Work task :: Working through the data below, reproduce word for word the line with "Got close to" and every line after it, both ends included, and omit the pictures.

Data below ::
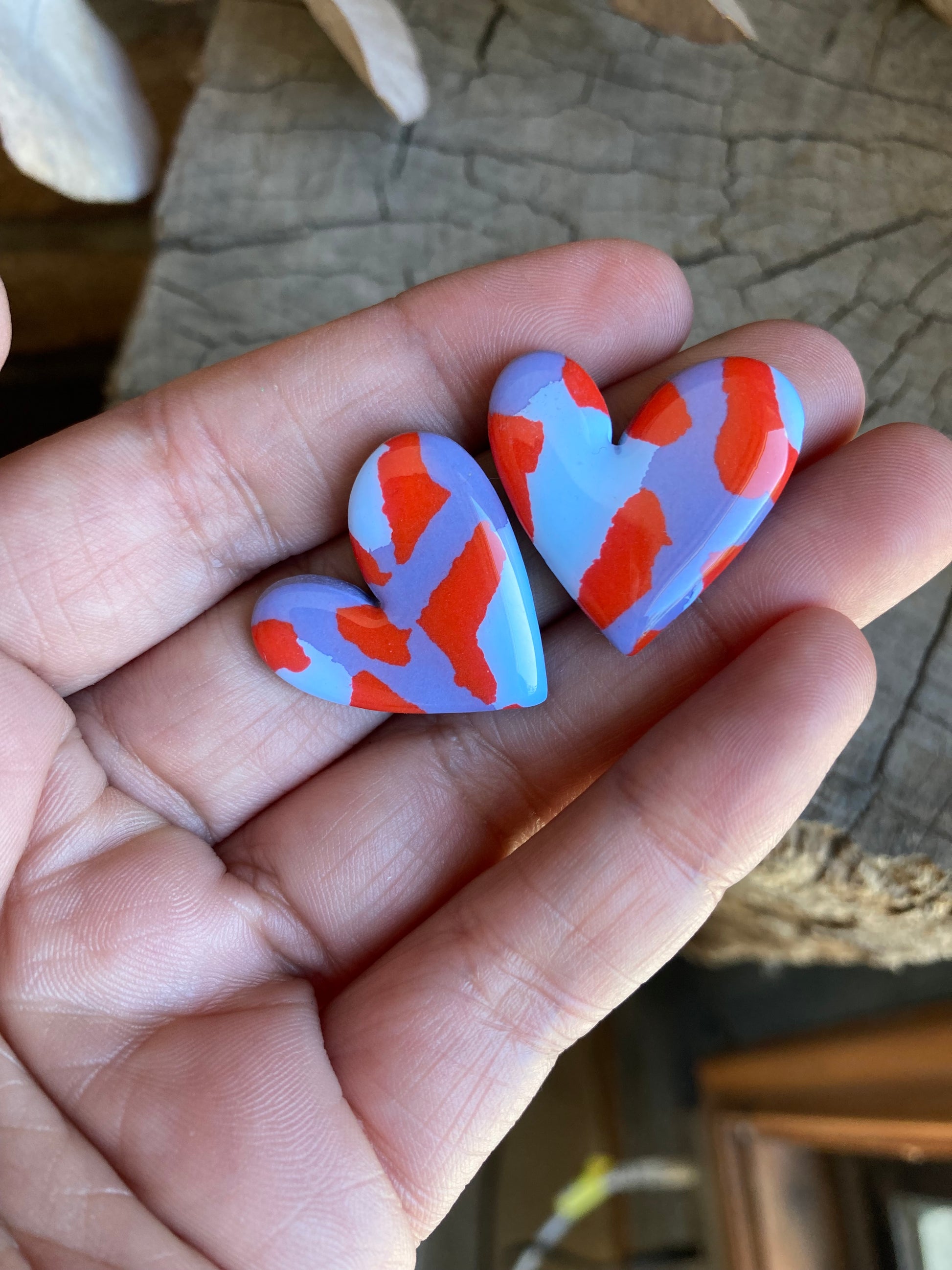 Aros de arcilla polimérica con top coat de resina uv. Miden 2,5 cms. Palito de acero quirúrgico y tope de goma.
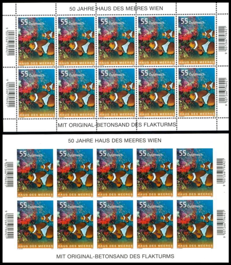2007, 55 cent house of the sea, variety "imperforated", miniature sheets to 10 values, mint never hinged, very fine, photo expertize Dr. Werner Glavanovitz VOEB "it is the first me until today known piece. " (ANK 2722 U) (2694U(10)) Certificate 2007, 55 Cent Haus des Meeres, Abart "ungezähnt", Kleinbogen zu 10 Werten, postfrisch, tadellose Erhaltung, Fotoattest Dr. Werner Glavanovitz VÖB "Es handelt sich um das erste mir bis heute bekannte Stück ..." (ANK 2722U) (Image)
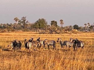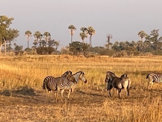Got close to zebras again but they decided we were too close and took off galloping; if you saw a sudden dust cloud on the other side of the world it was probably blown in from the Okavanga Delta after that. Zebras are Botswana’s national animal and our guide told us the symbolism is the hope that black and white can all get along. Wonderful sentiment, but just as we were contemplating that a couple of zebras got into it and they were vicious fighters, kicking and biting each other.
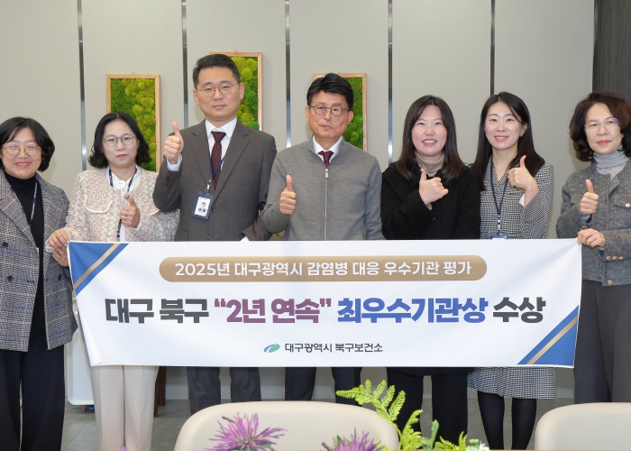 [뉴스스텝] 대구 북구보건소는 대구광역시가 주관하는 '2025년 대구광역시 감염병 대응 우수기관'평가에서 2024년에 이어 2025년에도‘2년 연속 최우수기관’으로 선정되는 쾌거를 달성했다.

Written response ::
Got close to zebras again but they decided we were too close and took off galloping; if you saw a sudden dust cloud on the other side of the world it was probably blown in from the Okavanga Delta after that. Zebras are Botswana’s national animal and our guide told us the symbolism is the hope that black and white can all get along. Wonderful sentiment, but just as we were contemplating that a couple of zebras got into it and they were vicious fighters, kicking and biting each other.
 [뉴스스텝] 대구 북구보건소는 대구광역시가 주관하는 '2025년 대구광역시 감염병 대응 우수기관'평가에서 2024년에 이어 2025년에도‘2년 연속 최우수기관’으로 선정되는 쾌거를 달성했다.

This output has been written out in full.